| About this exercise |
Copy the records word for word. Pictures do not go in.

-- Materials provided follows --

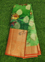 Beautiful Floral Printed Organza Saree with Kanchi Border
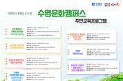 부산광역시 수영구(구청장 강성태)는 문화 인력을 양성하고 지역 주민에게 한층 높은 수준의 문화 향유의 기회를 제공하고자 '수영문화캠퍼스'를 운영한다고 밝혔다. 수영문화캠퍼스는 이론 학습부터 현장 체험까지 다양한 활동을 통해 지역 청년들이 문화기획자로서의 역량을 키우고 실무 능력을 갖춘 인재로 성장할 수 있도록 지원하는 프로그램이다. 또한 지역 주민에게는 인문학, ESG, 문화기획(일반·심화), 영상·미디어 등 다양한 분야의 전문가 교육 및 실습 프로그램을 제공해 단순한 취미 활동을 넘어 삶의 기반이 되는 생활 문화 정착에 기여하고자 한다. 교육 신청은 수영구 주민뿐 아니라 수영구 내에서 활동 중인 생활인구 등 누구나 신청할 수 있으며, 6월 1일부터 프로그램별로 순차적으로 접수하고 있다. 강성태 수영구청장은 "대학이 없는 수영구의 전역을 '수영문화캠퍼스'로 조성해 지역 주민 누구나 수준 높은 일상문화를 누릴 수 있도록 하는 것이 이번 사업의 핵심 목표다. 이를 통해 수영구를 다른 지자체보다 선도적으로 앞서 나아가는 문화도시로 조성하고자 한다"라며 문화를 통한 지역 성장에 대한 높은 의지를 나타내었
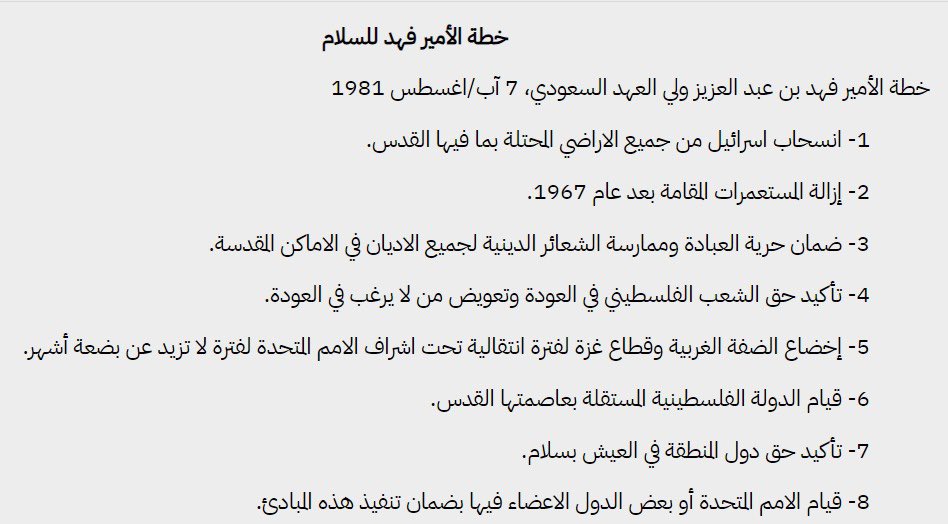 وسط جمود سياسي عربي استمر لعقود تجاه إسرائيل، ألقى ولي العهد السعودي حينها الأمير فهد بن عبد العزيز حجراً في المياه العربية الراكدة، بحثاً منه عن آفاق جديدة وبدائل رحبة، حيث أدلى بتصريح لوكالة الأنباء الرسمية السعودية في صيف 1981، حول ما أسماه رؤية المملكة للسلام في الشرق الأوسط.
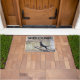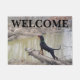 Diese Türmatte hat ein Foto einer schwarz-bräunlichen Münzhunde am Fluss und das Wort WELCOME über der Oberseite.
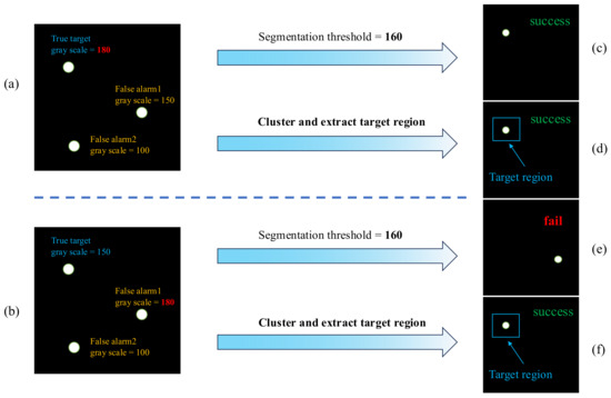 Most current algorithms fail to decide the true target from a saliency feature map with multiple points or can only retain a single feature point as the target through threshold segmentation. However, these methods are highly uncertain and the design of the segmentation threshold is difficult. Figure 1 shows a situation where (a) and (b) are saliency feature maps containing one true target and two false alarms whose grayscales vary. If the true target has the maximum grayscale value as shown in (a), then an appropriate segmentation threshold can successfully retain the target, as shown in (c). Conversely, if the false alarms have a higher grayscale value, then the method to determine the target through the segmentation threshold will fail, as shown in (e). Consequently, we extract the approximate area of the target through clustering, and then precisely lock the unique target through a dual-region search method, efficiently solving the target judgment problem, even if the target’s grayscale is lower than false alarms.
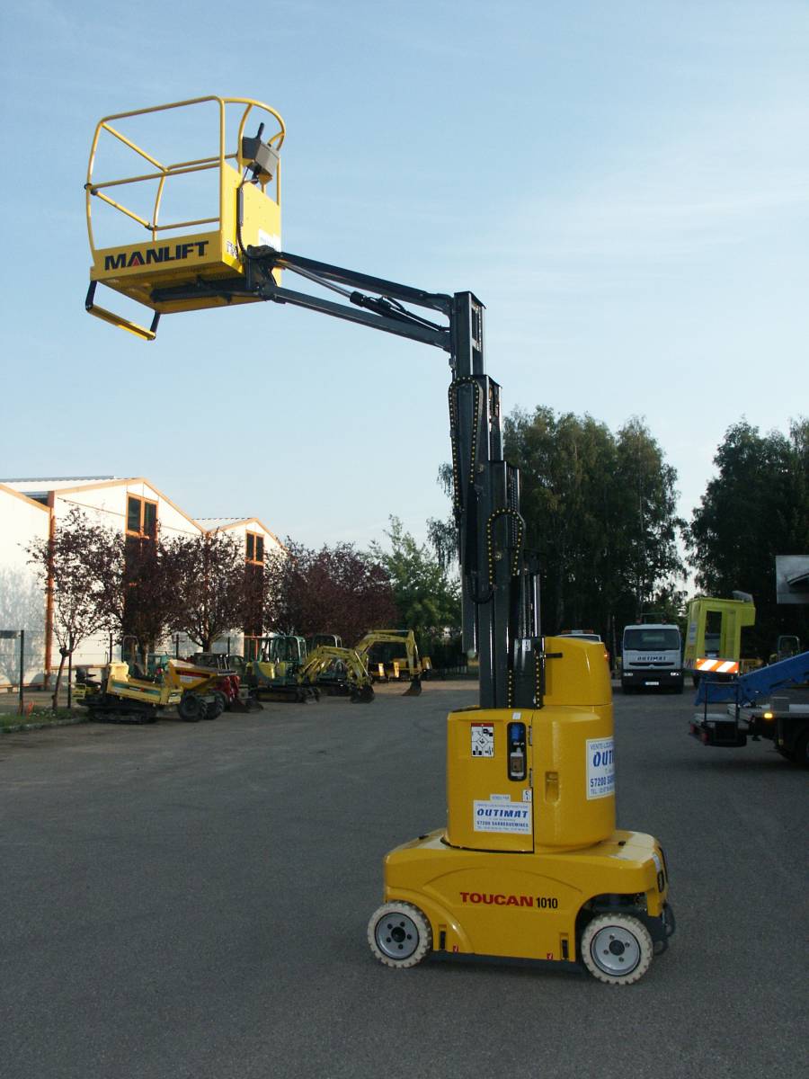 La nacelle TOUCAN 1010 possède une hauteur de travail de 10m, un déport de 3 à 6m et a une capacitée de charge au panier de 200kg.
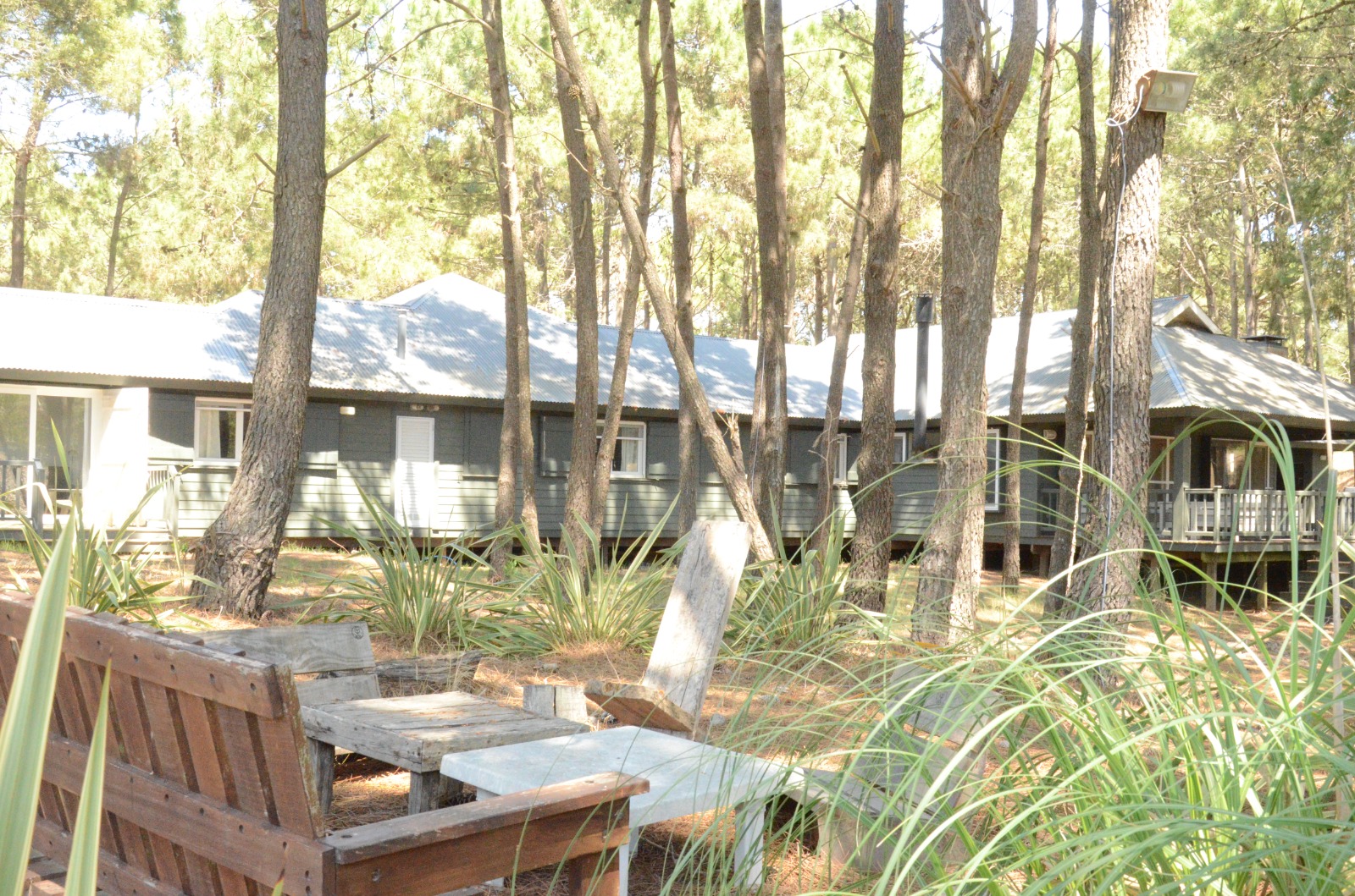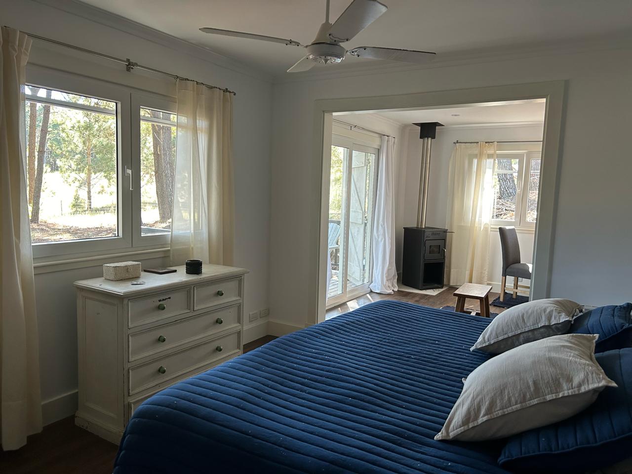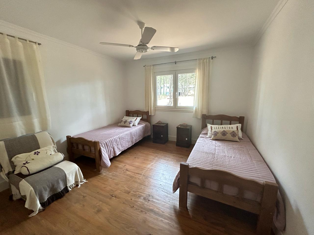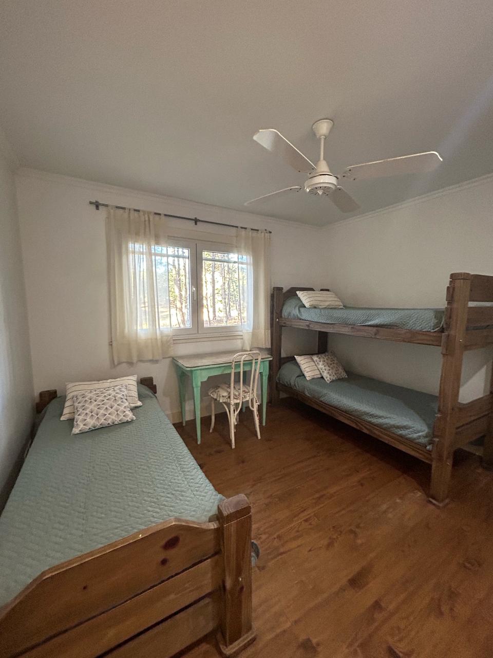 Dormitorio principal en suite con living privado. al lado hay un cuarto con dos camas con baño en frente, a continuacion otro dormitorio con dos camas y baño al lado, mas dos dormitorios que comparten baño. uno tiene una cucheta y una cama con carro abajo. y el otro dormitorio con otra cucheta con otra cama.
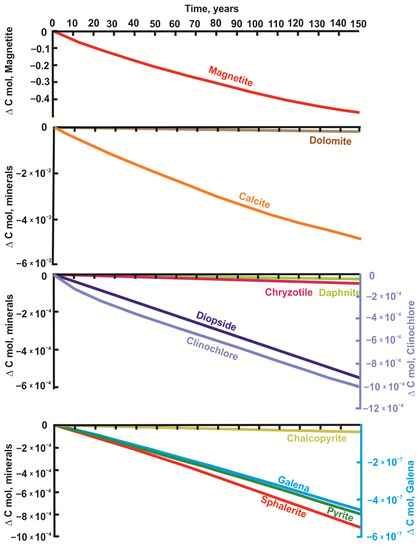 The simulation results are summarized and presented in Figure 4, Figure 5 and Figure 6. Since dump rocks predominantly comprise poorly soluble minerals, their composition has changed slightly (Figure 4). Magnetite is the predominant mineral in the rock dump (40%), so its dissolution on the graphs seems significant compared to other minerals. Its amount reduces by 0.47 mol per kg of initial dump rock. The change in the amount of calcite is only 0.048 mol, dolomite—0.0012 mol. The dissolution of silicate minerals (diopside, chrysotile, clinochlore, and daphnite) is also insignificant. It is confirmed by small changes in their molar volumes (Figure 4). Sulfide minerals are also poorly soluble under modeling conditions. The amount of dissolved pyrite is 0.0008, sphalerite—0.0009, chalcopyrite—0.00006, and galena—4.58 × 10−7 mol for the entire period of water–rock interaction, which was established in modeling.
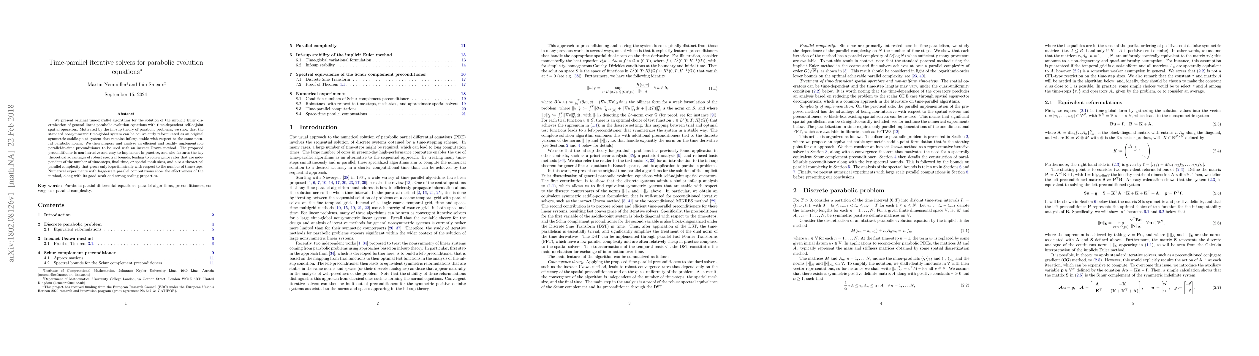This paper introduces time-parallel algorithms for solving parabolic evolution equations using an implicit Euler discretization. It presents a symmetric saddle-point system reformulation and proposes an efficient parallel-in-time preconditioner for an inexact Uzawa method, demonstrating robust spectral bounds and logarithmic parallel complexity growth.
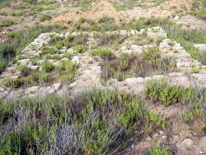 Some structures which were Built inside the wall, and the Work on them was stopped. from the same hill, up in the picture, when looking towards east We find in front of us the antiquarian  spindles . (for more pictures check the album)
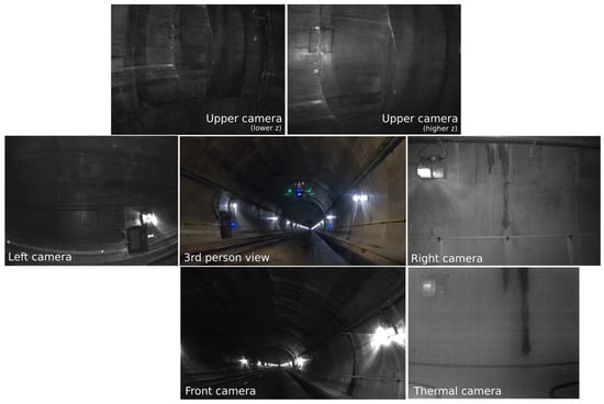 Example of images captured by all the inspection payload sensors together with a 3rd-person view of the aerial platform flying inside the railway tunnel.
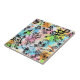 Carreau de céramique à motif patchwork de graffiti urbain coloré présentant des blocs abstraits audacieux, des coups de pinceau expressifs, des gribouillis, des étoiles et des textures multimédias dans des tons de bleu vif, jaune, rose, orange et noir. Énergique et audacieux avec une esthétique de street art moderne, ce design transparent est idéal pour les amateurs d'art graffiti, les fans de style maximaliste, les adolescents créatifs et les amateurs d'art contemporain.
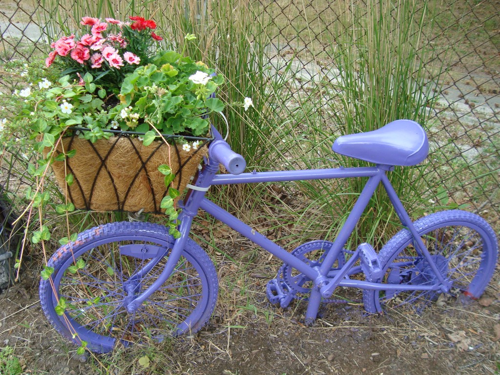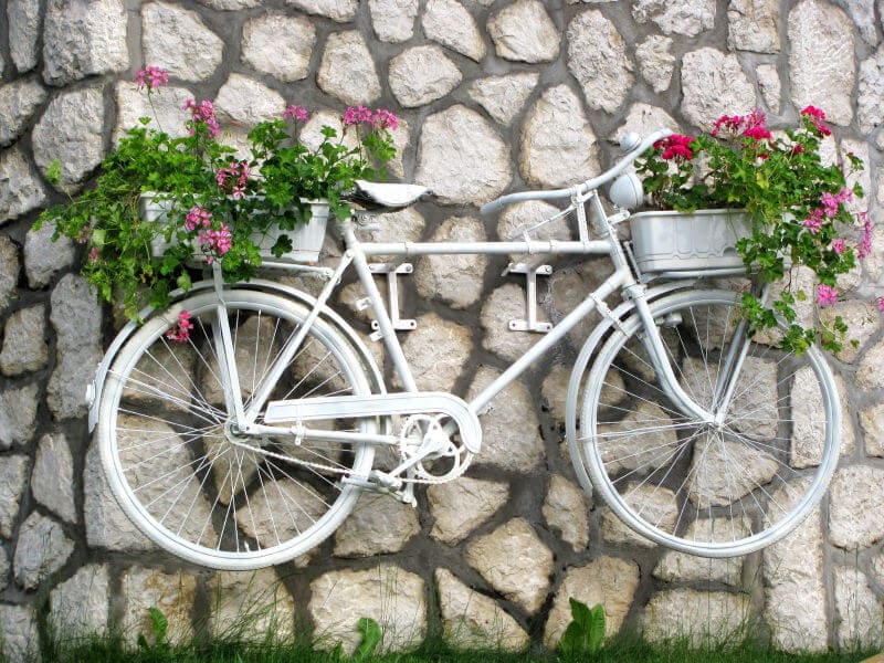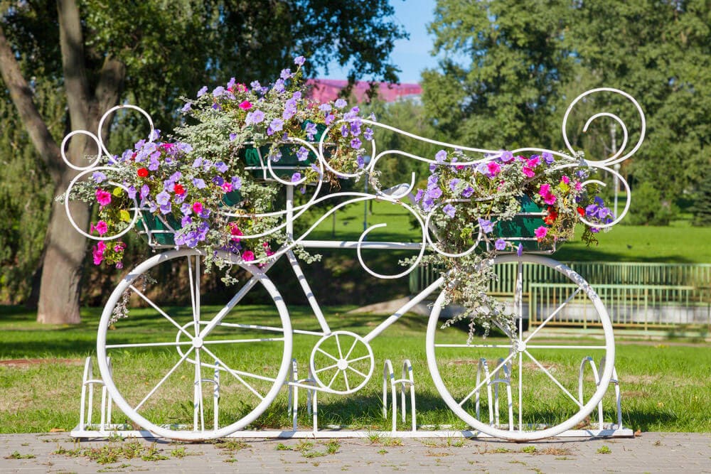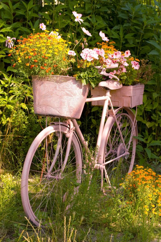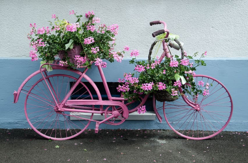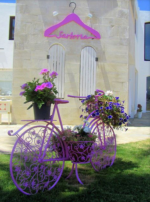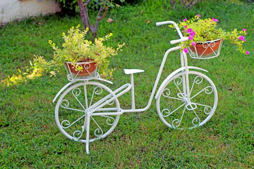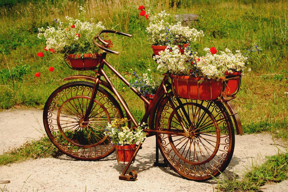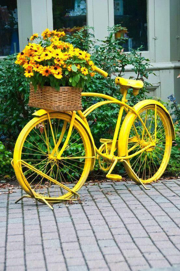 Starom biciklu možete dati novi sjaj i namenu jednostavnim čišćenjem i bojenjem. Bicikl ne mora da bude dobro očuvan, čak ne mora imati ni točkove. Osvežite ga, pričvrstite za zemlju u bašti i koristite ga kao vintage žardinjeru u koju ćete posaditi raznobojno mirisno cveće.

-- Materials provided concluded --

| Answer section |
 Beautiful Floral Printed Organza Saree with Kanchi Border
 부산광역시 수영구(구청장 강성태)는 문화 인력을 양성하고 지역 주민에게 한층 높은 수준의 문화 향유의 기회를 제공하고자 '수영문화캠퍼스'를 운영한다고 밝혔다. 수영문화캠퍼스는 이론 학습부터 현장 체험까지 다양한 활동을 통해 지역 청년들이 문화기획자로서의 역량을 키우고 실무 능력을 갖춘 인재로 성장할 수 있도록 지원하는 프로그램이다. 또한 지역 주민에게는 인문학, ESG, 문화기획(일반·심화), 영상·미디어 등 다양한 분야의 전문가 교육 및 실습 프로그램을 제공해 단순한 취미 활동을 넘어 삶의 기반이 되는 생활 문화 정착에 기여하고자 한다. 교육 신청은 수영구 주민뿐 아니라 수영구 내에서 활동 중인 생활인구 등 누구나 신청할 수 있으며, 6월 1일부터 프로그램별로 순차적으로 접수하고 있다. 강성태 수영구청장은 "대학이 없는 수영구의 전역을 '수영문화캠퍼스'로 조성해 지역 주민 누구나 수준 높은 일상문화를 누릴 수 있도록 하는 것이 이번 사업의 핵심 목표다. 이를 통해 수영구를 다른 지자체보다 선도적으로 앞서 나아가는 문화도시로 조성하고자 한다"라며 문화를 통한 지역 성장에 대한 높은 의지를 나타내었
 وسط جمود سياسي عربي استمر لعقود تجاه إسرائيل، ألقى ولي العهد السعودي حينها الأمير فهد بن عبد العزيز حجراً في المياه العربية الراكدة، بحثاً منه عن آفاق جديدة وبدائل رحبة، حيث أدلى بتصريح لوكالة الأنباء الرسمية السعودية في صيف 1981، حول ما أسماه رؤية المملكة للسلام في الشرق الأوسط.
 Diese Türmatte hat ein Foto einer schwarz-bräunlichen Münzhunde am Fluss und das Wort WELCOME über der Oberseite.
 Most current algorithms fail to decide the true target from a saliency feature map with multiple points or can only retain a single feature point as the target through threshold segmentation. However, these methods are highly uncertain and the design of the segmentation threshold is difficult. Figure 1 shows a situation where (a) and (b) are saliency feature maps containing one true target and two false alarms whose grayscales vary. If the true target has the maximum grayscale value as shown in (a), then an appropriate segmentation threshold can successfully retain the target, as shown in (c). Conversely, if the false alarms have a higher grayscale value, then the method to determine the target through the segmentation threshold will fail, as shown in (e). Consequently, we extract the approximate area of the target through clustering, and then precisely lock the unique target through a dual-region search method, efficiently solving the target judgment problem, even if the target’s grayscale is lower than false alarms.
 La nacelle TOUCAN 1010 possède une hauteur de travail de 10m, un déport de 3 à 6m et a une capacitée de charge au panier de 200kg.
 Dormitorio principal en suite con living privado. al lado hay un cuarto con dos camas con baño en frente, a continuacion otro dormitorio con dos camas y baño al lado, mas dos dormitorios que comparten baño. uno tiene una cucheta y una cama con carro abajo. y el otro dormitorio con otra cucheta con otra cama.
 The simulation results are summarized and presented in Figure 4, Figure 5 and Figure 6. Since dump rocks predominantly comprise poorly soluble minerals, their composition has changed slightly (Figure 4). Magnetite is the predominant mineral in the rock dump (40%), so its dissolution on the graphs seems significant compared to other minerals. Its amount reduces by 0.47 mol per kg of initial dump rock. The change in the amount of calcite is only 0.048 mol, dolomite—0.0012 mol. The dissolution of silicate minerals (diopside, chrysotile, clinochlore, and daphnite) is also insignificant. It is confirmed by small changes in their molar volumes (Figure 4). Sulfide minerals are also poorly soluble under modeling conditions. The amount of dissolved pyrite is 0.0008, sphalerite—0.0009, chalcopyrite—0.00006, and galena—4.58 × 10−7 mol for the entire period of water–rock interaction, which was established in modeling.
This paper introduces time-parallel algorithms for solving parabolic evolution equations using an implicit Euler discretization. It presents a symmetric saddle-point system reformulation and proposes an efficient parallel-in-time preconditioner for an inexact Uzawa method, demonstrating robust spectral bounds and logarithmic parallel complexity growth.
 Some structures which were Built inside the wall, and the Work on them was stopped. from the same hill, up in the picture, when looking towards east We find in front of us the antiquarian  spindles . (for more pictures check the album)
 Example of images captured by all the inspection payload sensors together with a 3rd-person view of the aerial platform flying inside the railway tunnel.
 Carreau de céramique à motif patchwork de graffiti urbain coloré présentant des blocs abstraits audacieux, des coups de pinceau expressifs, des gribouillis, des étoiles et des textures multimédias dans des tons de bleu vif, jaune, rose, orange et noir. Énergique et audacieux avec une esthétique de street art moderne, ce design transparent est idéal pour les amateurs d'art graffiti, les fans de style maximaliste, les adolescents créatifs et les amateurs d'art contemporain.
 Starom biciklu možete dati novi sjaj i namenu jednostavnim čišćenjem i bojenjem. Bicikl ne mora da bude dobro očuvan, čak ne mora imati ni točkove. Osvežite ga, pričvrstite za zemlju u bašti i koristite ga kao vintage žardinjeru u koju ćete posaditi raznobojno mirisno cveće.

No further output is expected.